In [15], multivoxel pattern analysis is applied to investigate the specificity of brain activation patterns induced by acupuncture stimulations at a vision-related acupoint (GB37) and a nearby nonacupoint (NAP). Results showed that multiple areas could differentiate the neural response patterns induced by stimulation at the two sites with higher accuracy above the chance level [15]. Rauch et al. also studied effects of the local anesthetic Lidocaine on BOLD activity in V1 of nonhuman primates. Using independent component analysis (ICA), they describe and quantify the pharmacodynamics and spatial distribution of Lidocaine effects on visually evoked V1 BOLD signal in a dose-dependent manner [16].

In [17], fMRI was used to investigate differences in neural activity between subjects that can modulate their tinnitus by jaw protrusion and normal hearing controls. Lanting et al. measured responses to bilateral sound and responses to jaw protrusion. The auditory system responded to both sound and jaw protrusion [17]. In the experiments by [18], participants identified speech sounds masked by varying noise levels while blood oxygenation signals were recorded with fMRI. Accuracy and response time were used to characterize the behavior of sensory and decision components of the perceptual system.

2.4. Emotional Research

Emotion plays a significant role in goal-directed behavior, but people yet know very little about its neural basis. In several psychological models the cardinal dimensions that characterize the emotion space are considered to be valence and arousal. In [19], 3T fMRI was used to reveal brain areas that show valence- and arousal-dependent BOLD signal responses. Influential theories of human emotion argue that subjective feeling states involve representation of bodily responses elicited by emotional events. Individual differences in intensity of emotional experience reflect variation in sensitivity to bodily responses. Critchley et al. measured regional brain activity by fMRI during an interoceptive task wherein subjects judged the timing of their own heartbeats. They observed enhanced activity in insula, somatomotor, and cingulate cortices [20].

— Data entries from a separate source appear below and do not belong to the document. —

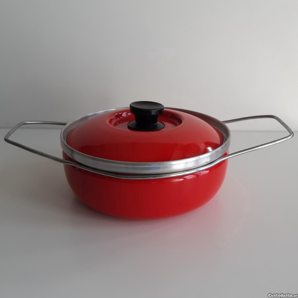 Em ferro esmaltado vermelho vivo, branco no interior. Pegas em aço inox.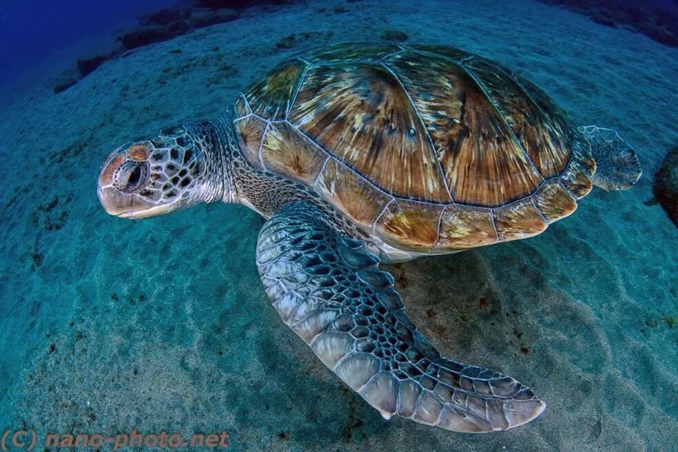 闲游的绿蠵龟,俗称绿海龟。图片:nano-photo.net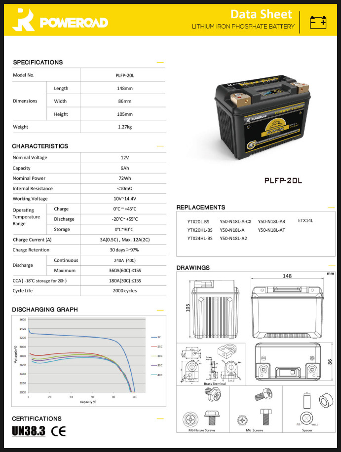 1세대 인산철리튬 (LiFePO4) 파워스포츠 배터리가 출시된 이후 POWEROAD는 수많은 사용자에게 고품질 제품과 서비스를 제공해 왔습니다. POWEROAD는 리튬이온 기술의 선두 주자로서 혁신을 멈추지 않습니다! 연구개발 팀은 최첨단 기술을 채용하여 최신 제품인 새로운 세대의 그래핀 인산철리튬 배터리를 출시했습니다. 그래핀 리튬 배터리는 표준 리튬 이온 배터리보다 더 높은 에너지 밀도를 제공하며 더 빠른 속도로 충전할 수도 있습니다.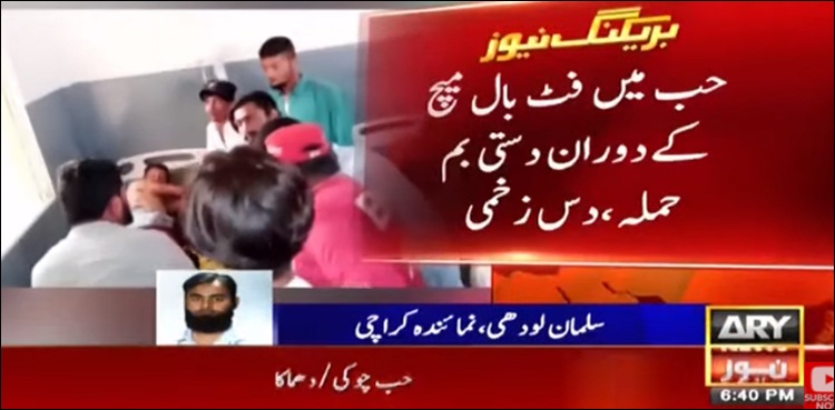 کراچی: شہر قائد کے علاقے حب چوکی کے قریب فٹبال میچ کے دوران گراؤنڈ میں دھماکا ہوا ہے۔

2.5. Neurosurgical Planning

Since neurosurgery relies on a precise delineation of the structural and functional aspects of brain, the role for fMRI in neurosurgical planning is very significant. The need for individualized maps of brain function is enhanced when the presence of a tumor alters the expected location of a function or when the location of the tumor is in an area with an uncertain function. fMRI does provide a source of precise functional and structural information for neurosurgery [2]. Many examples illustrated the potential advantage of functional and anatomical information for surgical treatment of brain tumors.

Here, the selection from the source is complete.